Charges not registered within the stipulated time are not taken into account by
the official liquidator appointed by the court to manage and settle the affairs
of a company on its liquidation or against any registered creditor. Such registered charge also serves as a
notice to all persons dealing with the property. The Registrar of Companies maintains the
Register of charges and it is open to the public for inspection. This is different from the details maintained
at Sub-Registrar Office and mentioned in the Encumbrance Certificate. It is necessary to inspect the Register of
Charges while transacting with the company.
Apart from the Register of Charges maintained by the Registrar, a
company is also bound to maintain a Register of Charges on its properties. This is open for inspection by the members of
the company or its creditors.
Procedural
aspects to be borne in mind:
The Companies Act under
Section 293 has restricted the powers of the Board of Directors to convey property
belonging to the Companies whereby the consent of the General Body of the
Company is mandatory to sell, lease or otherwise dispose of the whole or
substantially the whole undertaking of the company. Likewise the consent of the general body of
the company is necessary to borrow in excess of the aggregate of the paid up
capital and free reserves. The only
exception is to temporary loans taken by the company from its bankers in the
ordinary course of its business. So
while transacting with the company it is necessary to ascertain that the
property is not whole or substantially whole part of the undertaking of the
company and if the transactions involve whole or substantially whole part of
the undertaking, the consent of the general body is obtained. However, where the ordinary business of the
company is selling / leasing this restriction will not apply. Similar caution needs to be exercised when
the company borrows or mortgages its properties in excess of its paid up
capital and free reserves. Where a
company is in liquidation, only the liquidator, with the sanction of the court,
can sell its property in the name of the company. The Board of Directors by a resolution in the
board meeting has to authorize the sale, lease, mortgage or otherwise dispose
of the property / purchase of the property.
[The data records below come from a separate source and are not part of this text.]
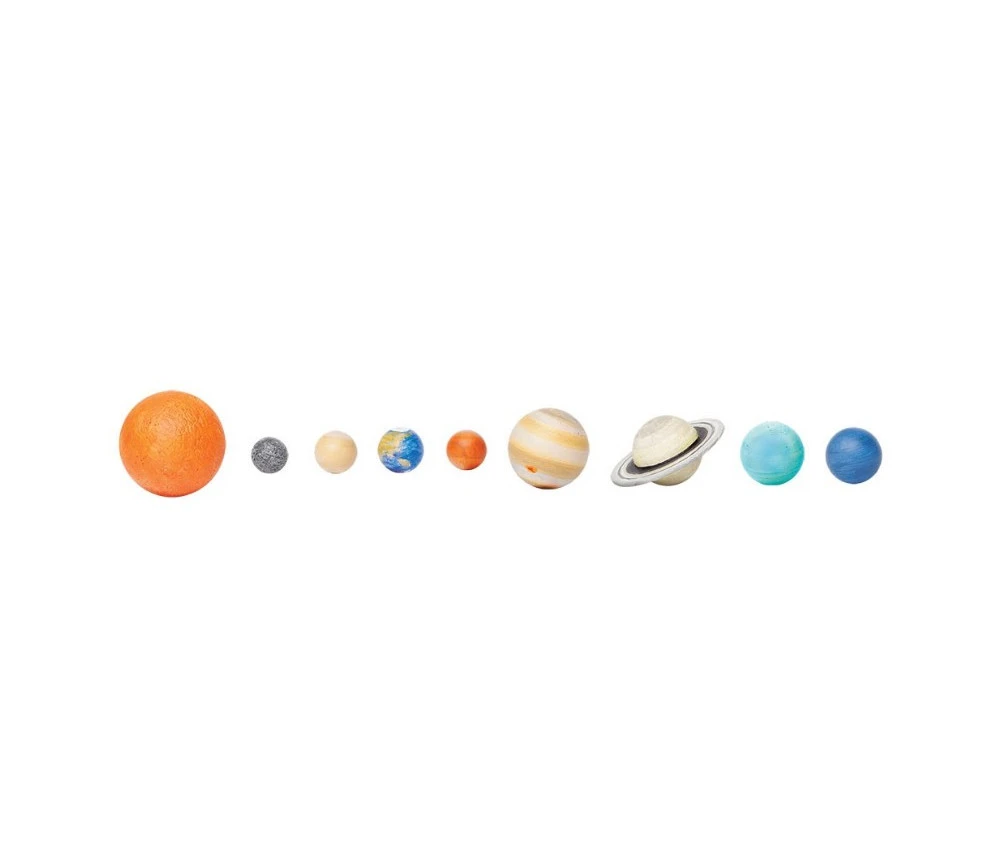 Taille et Couleur : Le soleil a un diamètre équivalent à une balle de golf et les tailles diminuent pour représenter jusqu’à la minuscule Mercure. Ce système solaire est réalisé avec des couleurs fortement précises et des détails.
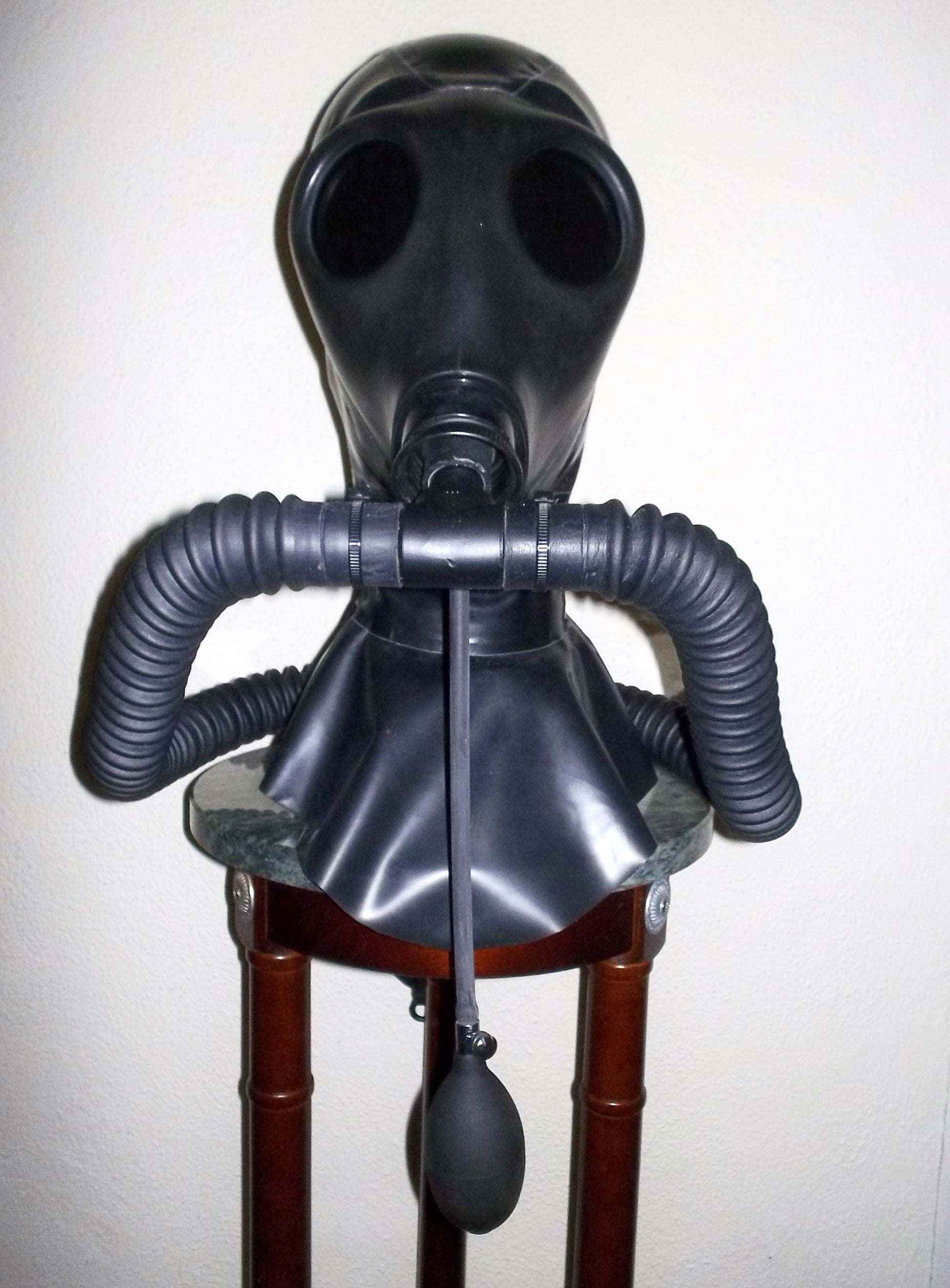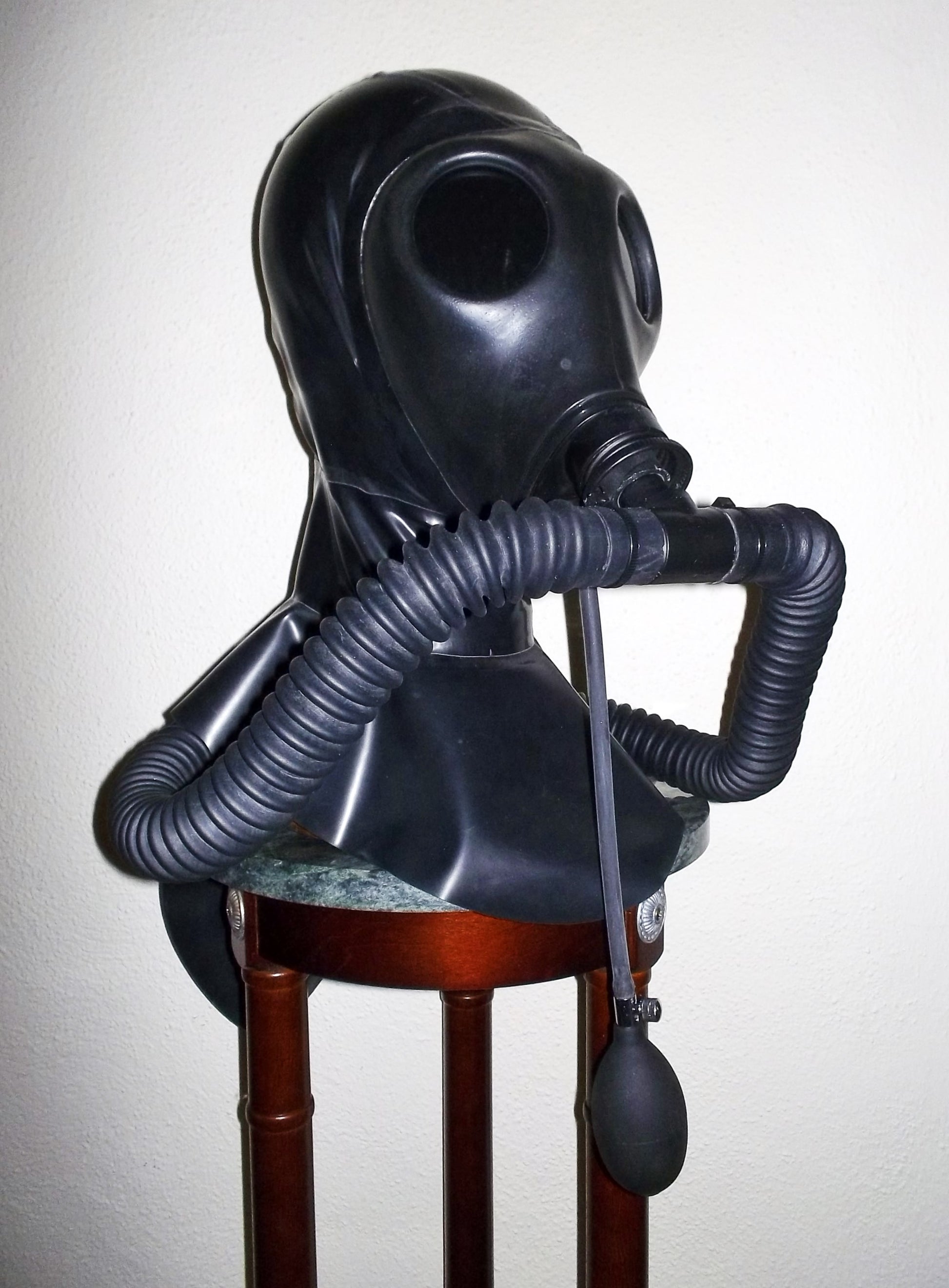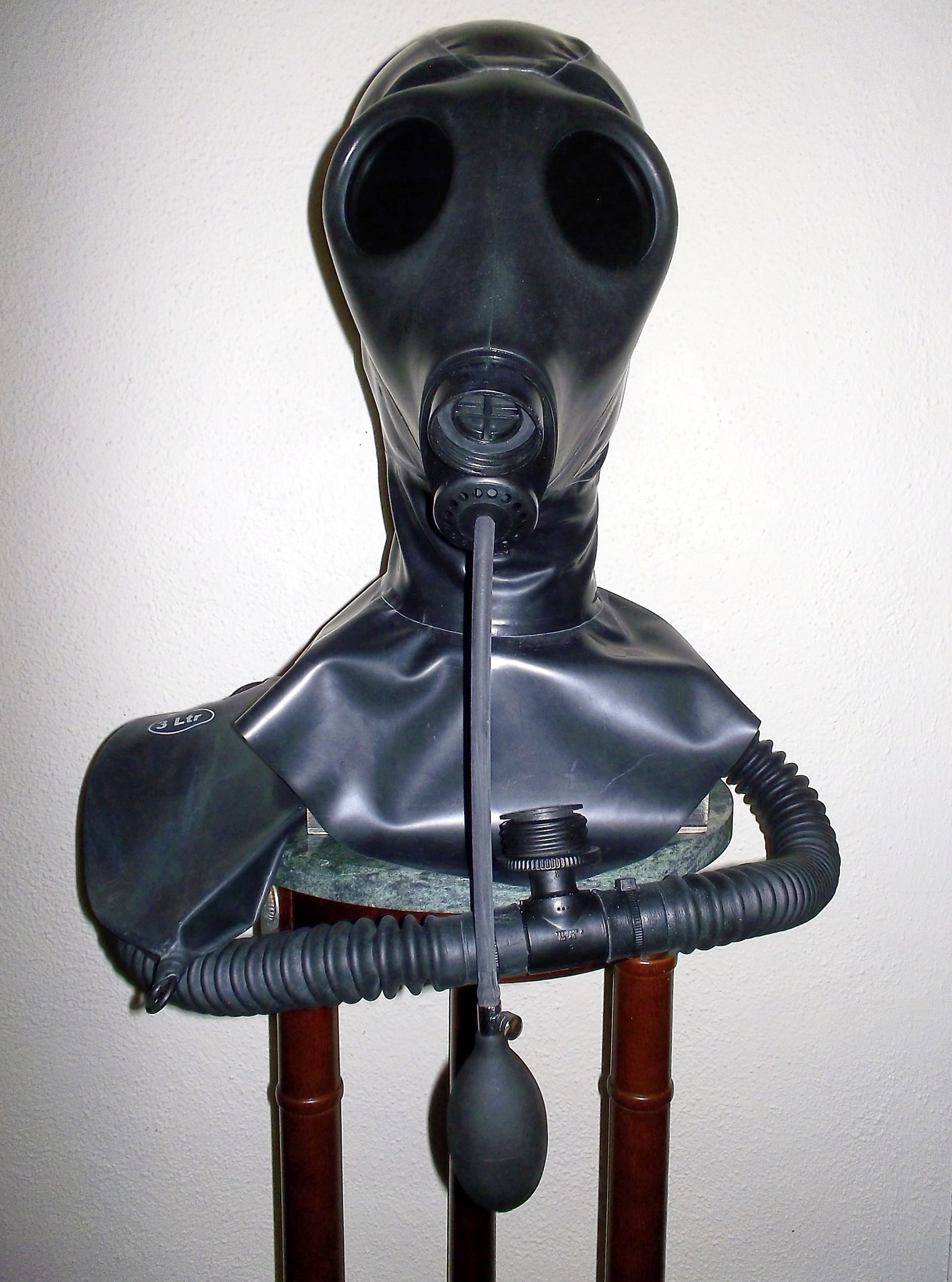 - HEAVY RUBBER BLACK GAS MASK with INTEGRATED silky smooth BLACK LATEX HOOD that COVERS WEARER'S HEAD, NECK AND DRAPES OVER THE SHOULDERS for comfortable fit and FULL ENCLOSURE (works great with rubber suits-no visible neckline!).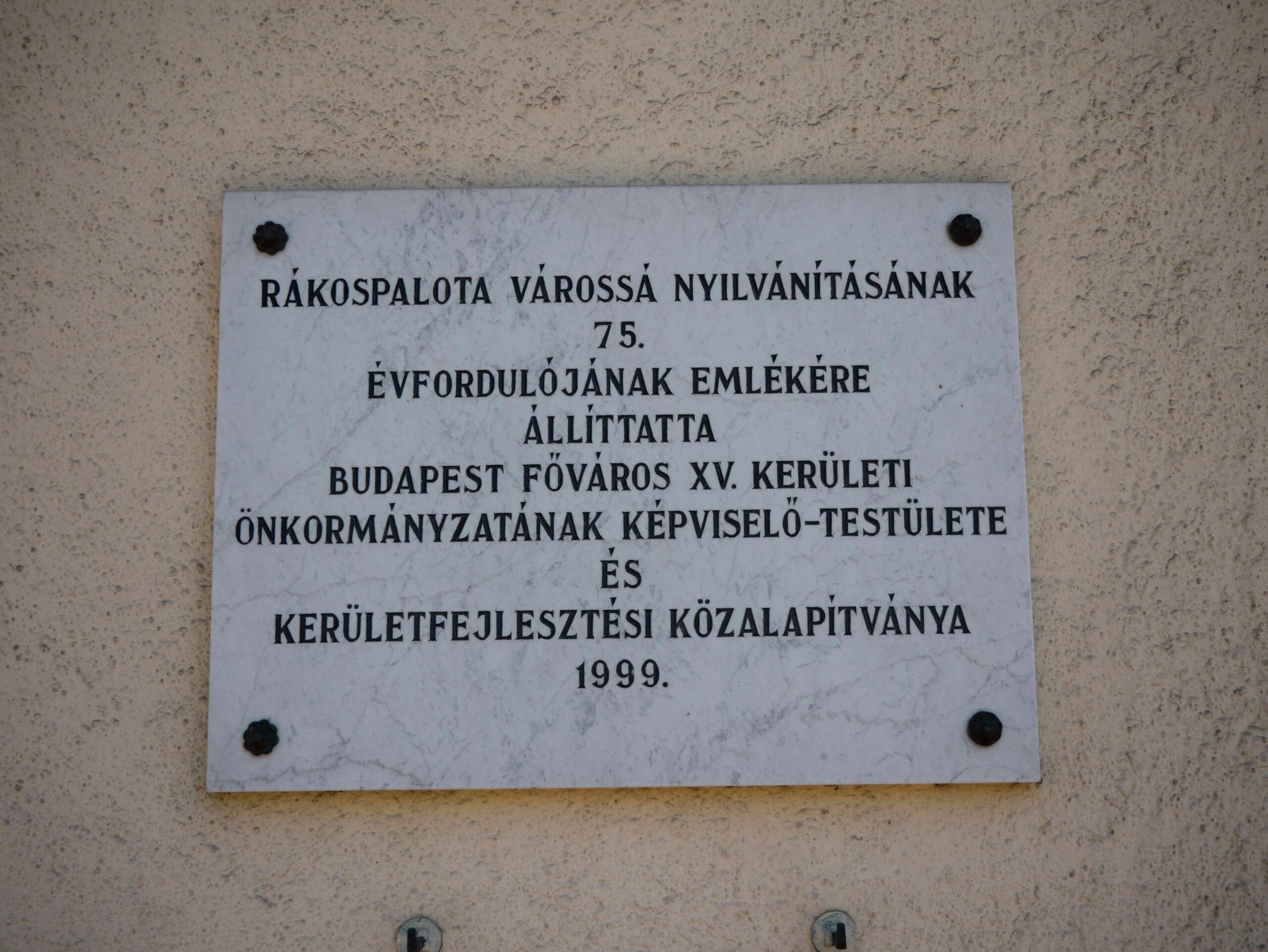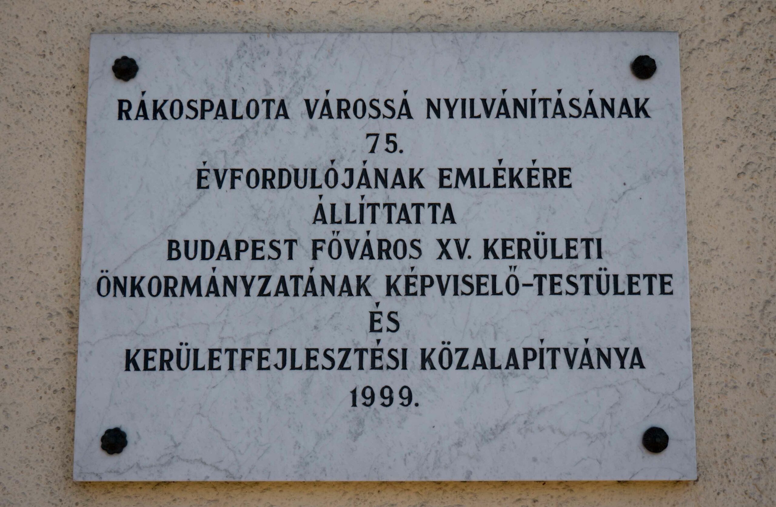 Az emléktáblán ez olvasható: „Az emléktáblát Rákospalota várossá nyilvánításának 75. évfordulójának emlékére állíttatta Budapest főváros XV. kerületi önkormányzatának képviselő-testülete és kerületfejlesztési közalapítványa 1999.”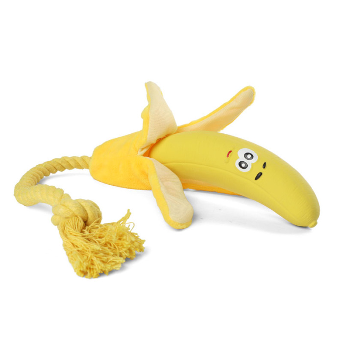 "Банан с веревкой" - это сочетание нескольких материалов в одной игрушке. "Банан" из латекса с пищалкой внутри, шуршащие "листья" и веревка для перетяжки - такая комбинация не оставит равнодушной ни одну собаку! Цвет изделия: желтый. Размер изделия: "банан" - 155*40*35мм, "листья" - 165мм, общая длина игрушки - 435мм.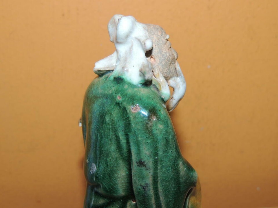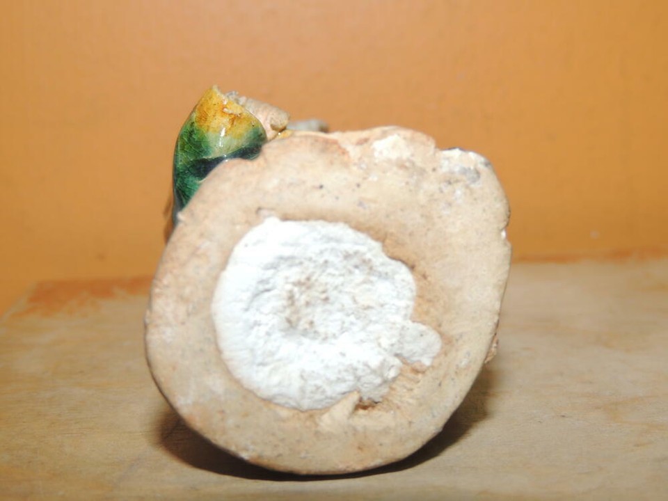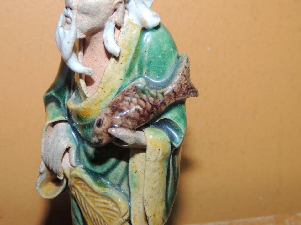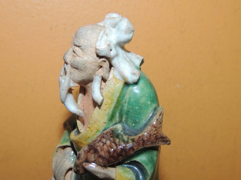 Chinese Mud Man Men 4.25"+ Green & Yellow glaze fish Mudman Antique China c1910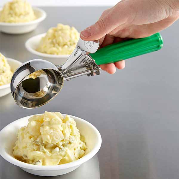 Best for use in a high volume environment, this 3.25 oz Stainless Steel Thumb Press Disher is constructed of stainless steel with all metal parts for added durability and cleanability. Its handle makes the capacity sizing and portion control a breeze when serving hot or cold foods in your restaurant, cafeteria, or bakery.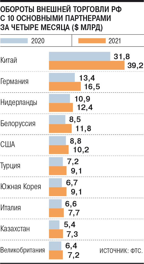 Также росту товарооборота в денежном выражении способствуют и инфляционные процессы, поскольку серьезно подорожала вся продукция, в частности металлы, сырье, химикаты, дополняет член совета директоров международной аудиторско-консалтинговой сети FinExpertiza Агван Микаелян. Но это играет России на руку, отмечает эксперт. В ЕФСР ожидают при этом, что стоимостные объемы экспорта в ЕС вернутся на докризисный уровень в конце 2021 — начале 2022 года.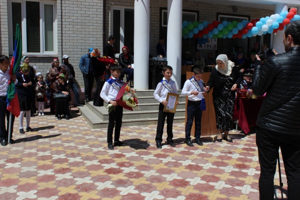 Торжество в честь последнего звонка открыла и провела учитель родного языка Аминат Магомедова. Она представила гостей праздника и пригласила выпускников.

The resolution by the Board of Directors is necessary even in cases
where general body has consented. Unless
the Memorandum and Articles of Association empowers the Board of Directors to
sell / purchase / otherwise deal with the immovable properties, any resolution
passed by the Board of Directors in this regard will not be binding on the
company. At times, it so happens that
some of the directors have interest in some transactions. Such interested directors are not allowed to
participate in the discussions and vote.
Otherwise, the resolution is void.
If the resolution prescribes affixing of the common seal on the
documents, it has to be followed in the manner prescribed in the
resolution. Copy of the resolution
passed by the Board of Directors, certified by the Chairman and counter signed
by the Secretary should be obtained, which should be part of the documents.
Foreign Companies
The Foreign companies who
enter into any kind of transaction in India , are governed by Foreign
Exchange Management Act, 1999. According
to the FEMA, a company registered outside India, which has established a branch
Office or other place of business in India for carrying on any activity in
accordance with Foreign Exchange Management Regulations 2000, excluding liaison
office, can acquire an immovable property in India which is necessary for
carrying on its activity after complying with the requirement of the applicable
laws, rules, regulations and directions in force for the time being in
force. Such company has to file form III
with RBI within 90 days of acquiring such property. Such company is also permitted to mortgage
its immovable property as security to an authorized dealer for borrowing.